Charles Peterson/Getty Images

Moviegoers gather at the entrance to the Roxy Theatre in New York, 1935

The Rockettes, when they first became famous, were called the Roxyettes. Named after the impresario S.L. “Roxy” Rothafel, they were a regular act at Rothafel’s Roxy Theatre, which opened in 1927 on 50th Street between 6th and 7th Avenues. In the Roxy’s lobby—a five-story rotunda—marble columns surrounded the world’s largest oval rug. The main theater had nearly 6,000 seats. On opening night, Rothafel projected onto the cinema screen letters of congratulation from President Calvin Coolidge and the mayor of New York, Jimmy Walker.

In 1960, the Roxy was unceremoniously razed to make way for an office building. It was just one of many urban erasures that led to the establishment in 1965 of the Landmarks Preservation Commission. The story of the agency’s emergence as a powerful force in city politics is documented by a revealing new exhibition at the Museum of the City of New York, “Saving Place: 50 Years of New York City Landmarks.”

Today in New York there are more than 1,300 individual landmarks, and 114 historic districts encompassing some 33,000 landmarked properties.

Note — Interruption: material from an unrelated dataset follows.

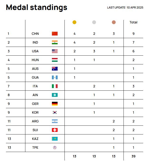 With these results, China leads the medal standings, followed by India.
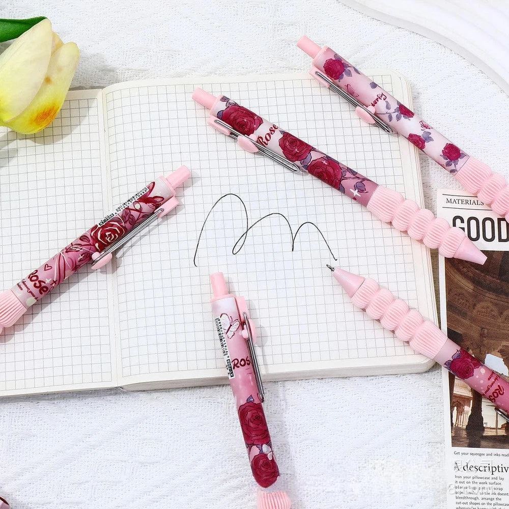Este set incluye 5 biromes retráctiles en color rosa, decorados con un encantador diseño de flores y mariposas. Cada birome, de 14 cm aproximadamente, está fabricada en ABS y cuenta con un práctico gancho para colgarla donde quieras. La tinta negra asegura una escritura clara y divertida para tus notas diarias. ¡Dale un toque alegre a tu escritorio con este set lleno de estilo!

Other landmarked sites include about a hundred lampposts, seven cast-iron sidewalk clocks, three Coney Island amusement park rides, and a Magnolia grandiflora tree planted in Brooklyn in 1885.

Yet prior to the landmarks law there was no legal means for protecting historic sites like the Roxy. Many had fallen into disrepair. A 1965 photograph in “Saving Place” shows Brooklyn’s Wyckoff House—a single-story wooden frame home built in 1652, and New York’s oldest structure—with a large hole in its roof. It was nearly demolished in the early 1950s to accommodate the construction of a new street. The Wyckoff House survived long enough to be the first building designated for preservation by the Landmarks Commission. But it took the destruction of many beloved places before the law gained the political support it needed.

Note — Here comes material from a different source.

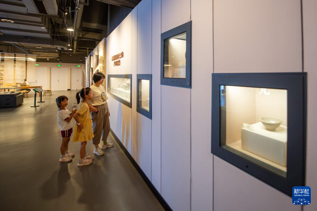 8月9日,在杭州西站候車的旅客帶著孩子參觀“西站兩千年——李家塘遺址文物展”。
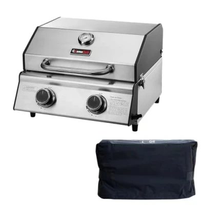 CosmoGrill Compact Gas Stainless Steel 2 Burner BBQ Ideal For Tables Grills Terraces Camping (Compact With Cover)

Nothing angered New Yorkers more than the demolition in 1963 of Pennsylvania Station, McKim, Mead & White’s Beaux-Arts masterpiece, and the exhibition contains a good deal of ephemera from the resultant protest movement. Writer and reformer Jane Jacobs and architecture critic Aline Saarinen are pictured picketing in white gloves and pocket books. A collection of pro-preservation lapel pins display slogans like “REMEMBER PENN STATION,” “I AM A FRIEND OF CAST IRON ARCHITECTURE,” and “Terra Cotta…It’s Out of Sight!” A photograph of an important political meeting shows Jacqueline Kennedy Onassis, New Yorker critic Brendan Gill, and former Mayor Robert Wagner sitting around a table at the Grand Central Oyster Bar.

When the landmarks law finally did pass, it granted the agency it created broad powers, not only to preserve individual buildings but also to establish “historic districts” in which all changes to existing structures, and especially all new structures, would be tightly regulated. The law’s constitutionality was challenged until a 1978 Supreme Court ruling. In a 6-3 decision approving the preservation of Grand Central Station, Justice William J. Brennan wrote in support of ”a widely shared belief that structures with special historic, cultural or architectural significance enhance the quality of life for all.”

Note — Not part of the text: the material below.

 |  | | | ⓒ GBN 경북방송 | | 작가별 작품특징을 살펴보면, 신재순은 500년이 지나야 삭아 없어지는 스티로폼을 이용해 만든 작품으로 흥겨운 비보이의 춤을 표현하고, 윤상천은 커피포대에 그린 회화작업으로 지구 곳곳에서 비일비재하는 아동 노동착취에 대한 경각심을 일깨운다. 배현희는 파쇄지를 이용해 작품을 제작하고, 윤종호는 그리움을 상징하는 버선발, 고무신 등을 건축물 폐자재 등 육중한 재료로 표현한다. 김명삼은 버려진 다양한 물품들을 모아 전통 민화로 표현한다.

The exhibition catalog goes further. In one essay, Charlotte Braudy, a co-founder of the Bedford-Stuyvesant Society for Historic Preservation, makes the case for designating Bedford-Stuyvesant as a historic district. Bed-Stuy is one of many neighborhoods in Brooklyn experiencing rapid demographic change and condo development, and Brady argues that landmarking would protect both the neighborhood’s nineteenth-century row houses and its inhabitants’ “way of life.”

Quite the opposite argument has also been made in an ongoing debate among planners and academics in New York. A 2014 report published by the NYU Furman Center indicated that a historic district designation often increases property values and reduces the construction of new housing. One of its authors, the conservative Harvard economist Edward Glaeser, has argued that landmark designation “increasingly makes those districts exclusive enclaves of the well-to-do, educated, and white.” This is exactly the situation that longtime African-American residents of Bed-Stuy hope to avoid; yet Brady, like the rest of the writers in the catalog, does not substantially address the effects of historic districts on the housing market. In its determination to celebrate the landmarks law, “Saving Place” can seem to leave the most difficult questions unasked.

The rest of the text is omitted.